The notes are subject to our early redemption. We may redeem all, but not less than all, of the
notes on any interest payment date on or after November 30, 2020 (other than the maturity date). If you
intend to purchase the notes, you must be willing to have your notes redeemed as early as that date. We
are generally more likely to elect to redeem the notes during periods when the remaining interest to be
accrued on the notes is to accrue at a rate that is greater than that which we would pay on our other
interest bearing debt securities having a maturity comparable to the remaining term of the notes. No
further payments will be made on the notes after they have been redeemed.
If we redeem the notes prior to the maturity date, you may not be able to reinvest your proceeds
from the redemption in an investment with a return that is as high as the return on the notes would have
been if they had not been redeemed, or that has a similar level of risk.
Step-up notes present different investment considerations than fixed-rate notes. The rate of
interest paid by us on the notes will increase upward from the initial stated rate of interest on the notes.
The notes are callable by us, in whole but not in part, prior to maturity and, therefore, contain the
redemption risk described above. If we do not call the notes, the interest rate will step up as described on
the cover of this pricing supplement. Unless general interest rates rise significantly, you should not expect
to earn the highest scheduled interest rate set forth on the cover of this pricing supplement because the
notes are likely to be called prior to maturity if interest rates remain the same or fall during their term.
When determining whether to invest in a step-up fixed rate note, you should not focus on the highest
stated interest rate, which usually is the final step-up rate of interest. You should instead consider, among
other things, the overall annual percentage rate of interest to maturity or the various potential redemption
dates as compared to other investment alternatives.
An investment in the notes may be more risky than an investment in notes with a shorter
term. The notes have a term of 10 years, subject to our right to call the notes as set forth in this pricing
supplement. By purchasing notes with a relatively longer term, you are more exposed to fluctuations in
interest rates than if you purchased a note with a shorter term. In particular, you may be negatively
affected if interest rates begin to rise, because the likelihood that we will redeem your notes will decrease
and the interest rate on the notes may be less than the amount of interest you could earn on other
investments with a similar level of risk available at that time. In addition, if you tried to sell your notes at
such time, their value in any secondary market transaction would also be adversely affected.

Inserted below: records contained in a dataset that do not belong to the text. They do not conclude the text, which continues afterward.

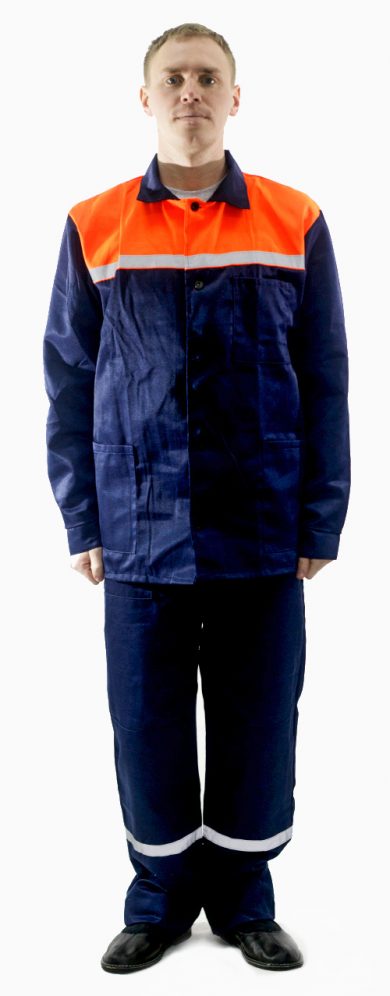 Костюм усиленный «СТАНДАРТ-2» куртка/полукомбинезон, тёмно-синий с оранжевой отделкой
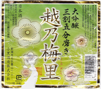 越の梅里(こしのばいり)・大吟醸(新潟県)製造年月 --- 平成25年(2013年)月 試飲時期 --- 平成25年(2013年)月 級 --------- 大吟醸 アルコ−ル分 --- 17度 価格 ------- 720ml 円でした。 原材料名 --- 米(新潟県産)・米こうじ (新潟県産米)・醸造アルコール 精米歩合 --- 35 % 越淡麗100%使用 日本酒度 --- 酸度 ------- 醸造会社 --- 小黒酒造株式会社 新潟市北区嘉山1-6-1 TEL: --- 味わい 当時のメモ ---常温:燗:備考: |
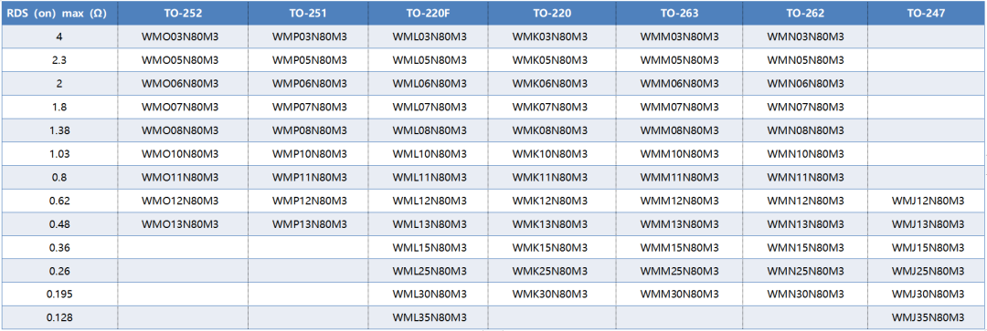 上述表格中,03N80M3,05N80M3可以应用在浪涌要求较高的辅助电源中,比如工业380VAC输入的3-5W辅助电源。相比650V规格,其浪涌能力明显提高;相比平面工艺的2N80规格,导通电阻明显降低,温升和效率性显著提升。
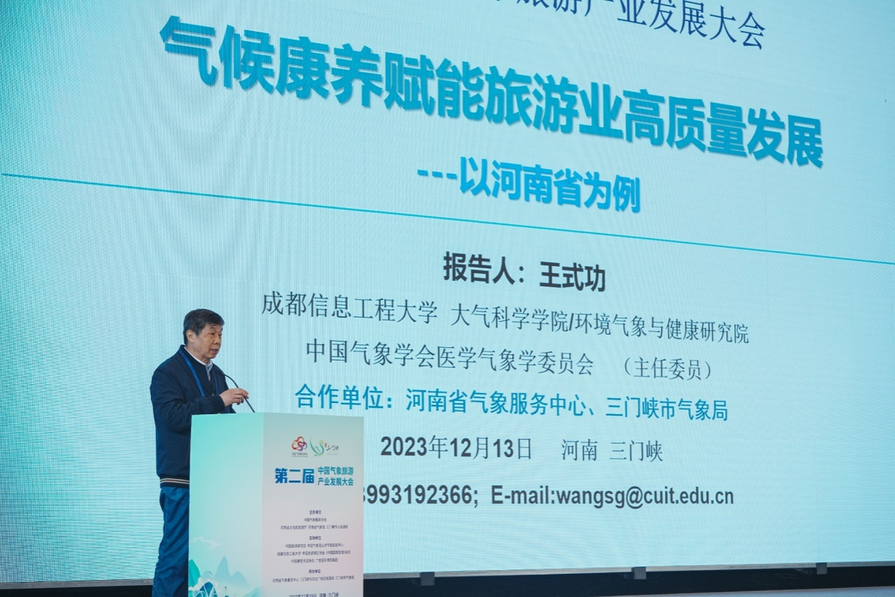 大气科学学院王式功教授应邀在大会上作了题为“气候康养赋能旅游业高质量发展——以河南省为例”的学术报告。王世功主要围绕文旅融合+气候康养、旅游内涵拓展、气候康养理论基础、气候康养舒适度等内容,深入剖析了气候康养赋能旅游产业发展的转化潜力。
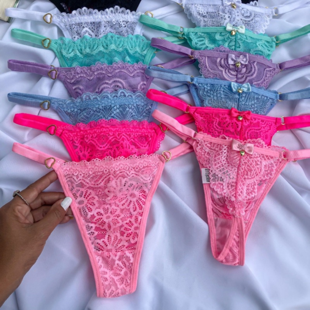 Kit 10 Calcinhas Sexy Em Renda Tanga Fio Dental com Regulagem Coração
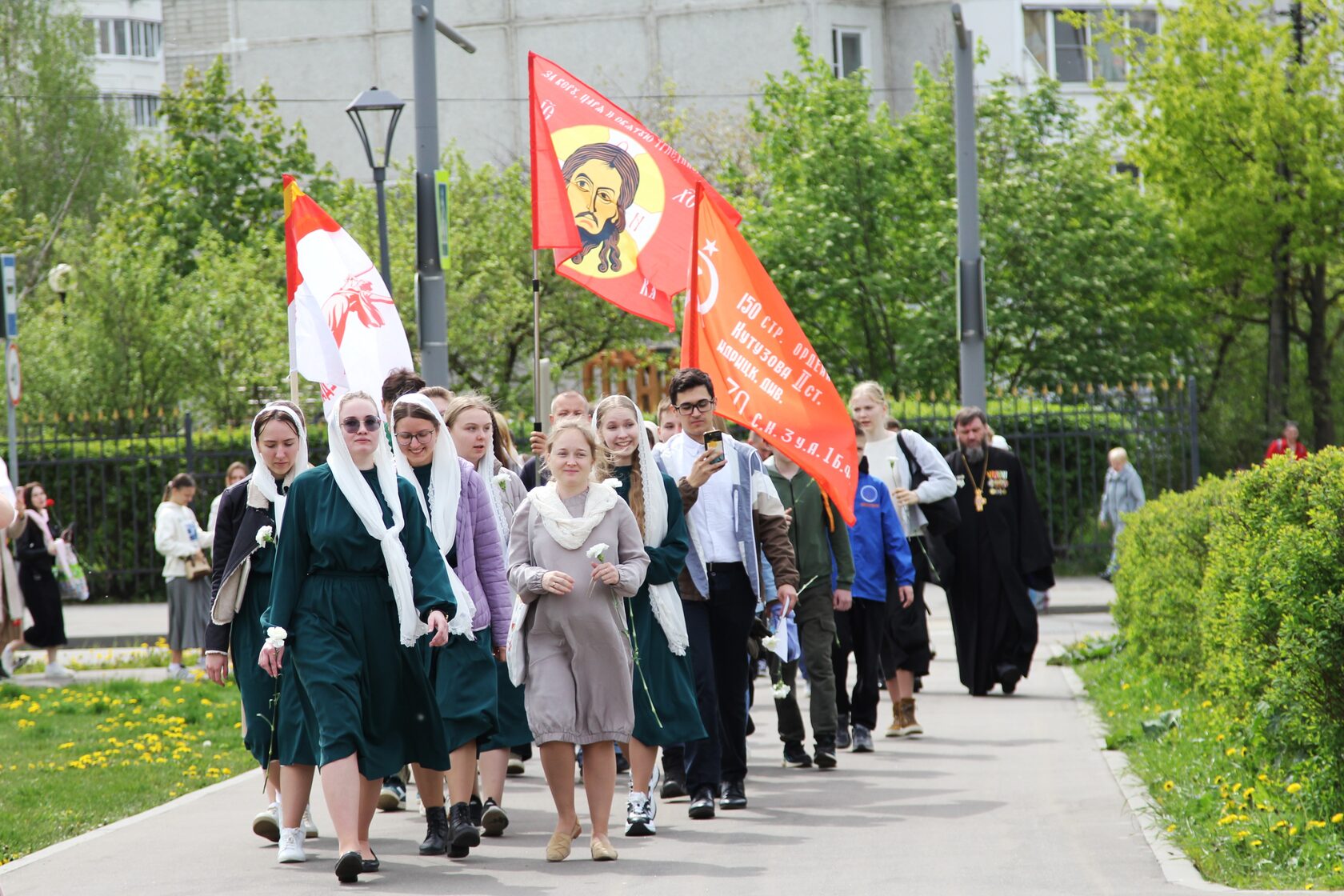 По окончании Литургии все были приглашены на торжественное построение у мемориала «Единая страна – Единый народ» на территории парка Мосрентген, где состоялся благодарственный молебен в честь Дня Победы и поминовение всех павших в годы Великой Отечественной войны.

Payments on the notes are subject to our credit risk, and actual or perceived changes in our
creditworthiness are expected to affect the value of the notes. The notes are our senior unsecured debt
securities. As a result, your receipt of all payments of interest and principal on the notes is dependent upon
our ability to repay our obligations on the applicable payment date. No assurance can be given as to what
our financial condition will be at any time during the term of the notes or on the maturity date. If we
become unable to meet our financial obligations as they become due, you may not receive the amounts
payable under the terms of the notes.
Our credit ratings are an assessment by ratings agencies of our ability to pay our obligations.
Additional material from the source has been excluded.